* **Assignment**
Exact copy, pictures excluded: write out every line below.

* **Data listing**
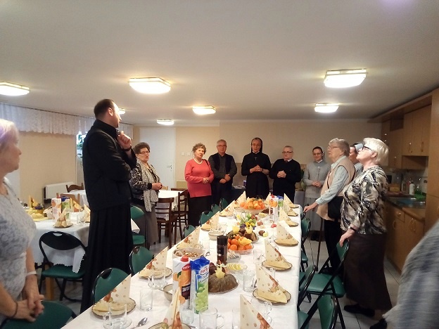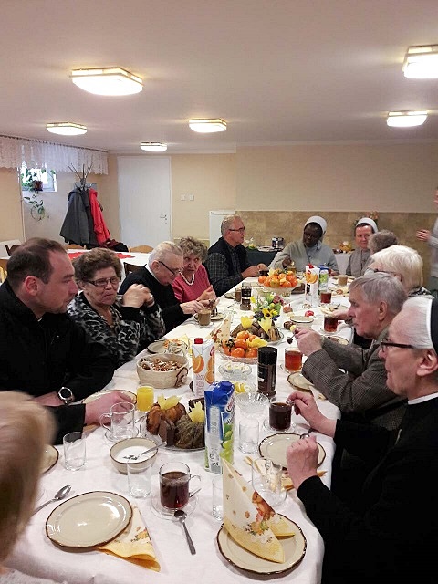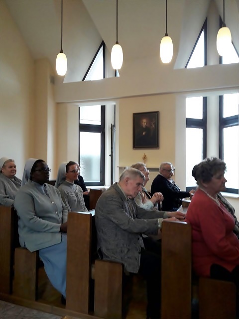 Po niej wszyscy spotkali się na podwieczorku. S. Marta opowiedziała zebranym o pobożności Rwandyjczyków, szczególnie o Sanktuarium Maryjnym w Kibeho oraz Sanktuariach Miłosierdzia Bożego w Ruhango i Kabuga. S. Clotilde podzieliła się natomiast wrażeniami z Polski, w której jest po raz pierwszy. Mówiła, m.in., że jej zdaniem klimat naszych mszy św. bardziej sprzyja modlitwie niż liturgia afrykańska pełna śpiewu i tańca. Swoją historię opowiedziała także zebranym p. Anastazja licząca 92 lata, która zupełnie nie wygląda na swój wiek, ma doskonałą pamięć i świetnie radzi sobie na co dzień w pojedynkę. Nasi dobrodzieje zostali obdarowani krzyżykami z Rwandy i różańcami. Oni z kolei wsparli nas ofiarami na potrzeby misji.
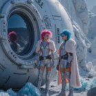 Majestic architecture rises from a snowy landscape, bathed in warm light. A giant planet looms in the sky, while figures stand in the foreground, adding a sense of scale to the ethereal scene.
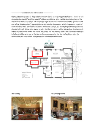 The client has requested a contemporary dance show over two nights at Arley Hall Gardens with a maximum audience of 100 people per night. The dance show, called Amalgamation, will feature work by A-Level dance students from Priestley College and highlight the beauty of Arley Hall itself. Performances will take place simultaneously in two adjacent rooms, the Gallery and Drawing Room, with the audience split between the rooms and switching at intermission to see both parts of the show.
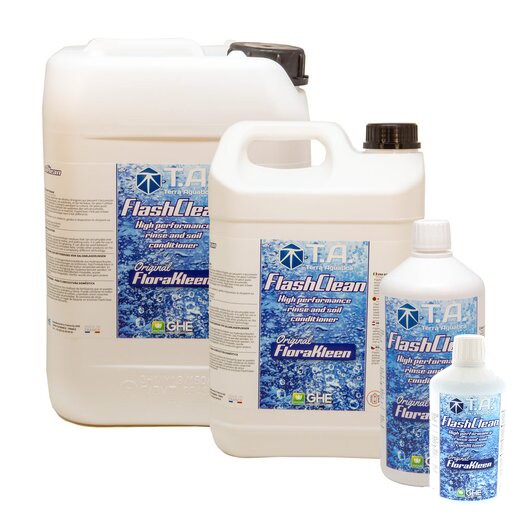 FlashClean puede ayudar en tales casos. Ha sido desarrollado específicamente para descomponer las sales fertilizantes y restaurar la microflora en el suelo. Como tal, también puede restaurar las conexiones de nutrientes entre las plantas y el sistema de cultivo. Utilice FlashClean cuando cambie la solución nutritiva en su sistema hidropónico o para eliminar los residuos de fertilizante del medio de cultivo que ha utilizado.
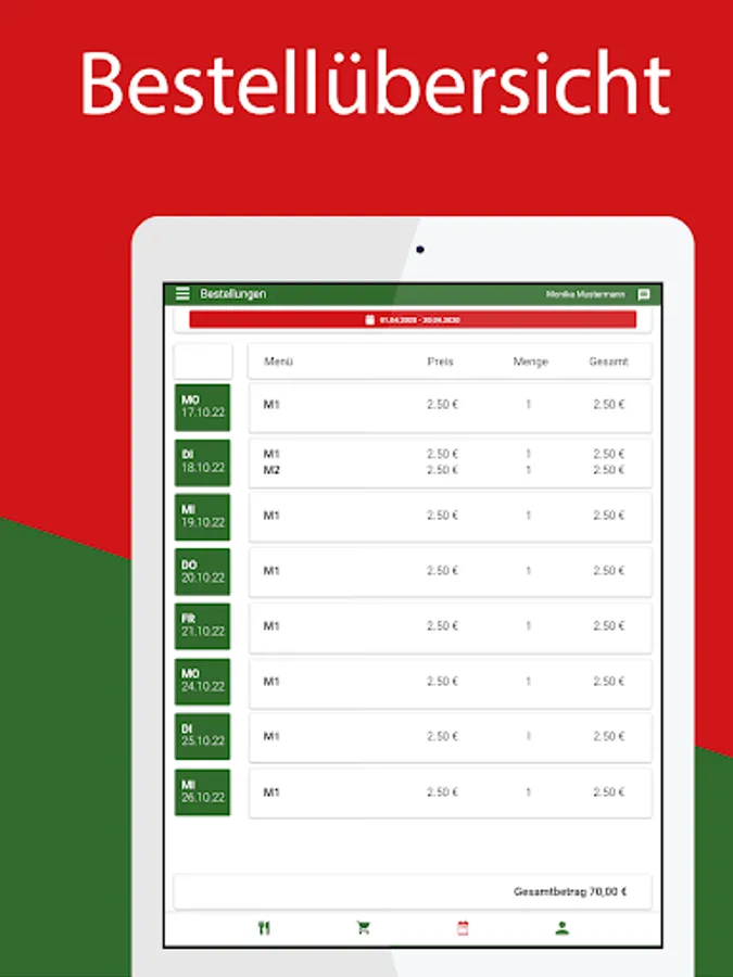 With the Dortmund menu service app, logged in and registered customers can view or edit their daily menu and highlighted their current menu orders.

* **Expected answer**
 Po niej wszyscy spotkali się na podwieczorku. S. Marta opowiedziała zebranym o pobożności Rwandyjczyków, szczególnie o Sanktuarium Maryjnym w Kibeho oraz Sanktuariach Miłosierdzia Bożego w Ruhango i Kabuga. S. Clotilde podzieliła się natomiast wrażeniami z Polski, w której jest po raz pierwszy. Mówiła, m.in., że jej zdaniem klimat naszych mszy św. bardziej sprzyja modlitwie niż liturgia afrykańska pełna śpiewu i tańca. Swoją historię opowiedziała także zebranym p. Anastazja licząca 92 lata, która zupełnie nie wygląda na swój wiek, ma doskonałą pamięć i świetnie radzi sobie na co dzień w pojedynkę. Nasi dobrodzieje zostali obdarowani krzyżykami z Rwandy i różańcami. Oni z kolei wsparli nas ofiarami na potrzeby misji.
 Majestic architecture rises from a snowy landscape, bathed in warm light. A giant planet looms in the sky, while figures stand in the foreground, adding a sense of scale to the ethereal scene.
 The client has requested a contemporary dance show over two nights at Arley Hall Gardens with a maximum audience of 100 people per night. The dance show, called Amalgamation, will feature work by A-Level dance students from Priestley College and highlight the beauty of Arley Hall itself. Performances will take place simultaneously in two adjacent rooms, the Gallery and Drawing Room, with the audience split between the rooms and switching at intermission to see both parts of the show.
 FlashClean puede ayudar en tales casos. Ha sido desarrollado específicamente para descomponer las sales fertilizantes y restaurar la microflora en el suelo. Como tal, también puede restaurar las conexiones de nutrientes entre las plantas y el sistema de cultivo. Utilice FlashClean cuando cambie la solución nutritiva en su sistema hidropónico o para eliminar los residuos de fertilizante del medio de cultivo que ha utilizado.
 With the Dortmund menu service app, logged in and registered customers can view or edit their daily menu and highlighted their current menu orders.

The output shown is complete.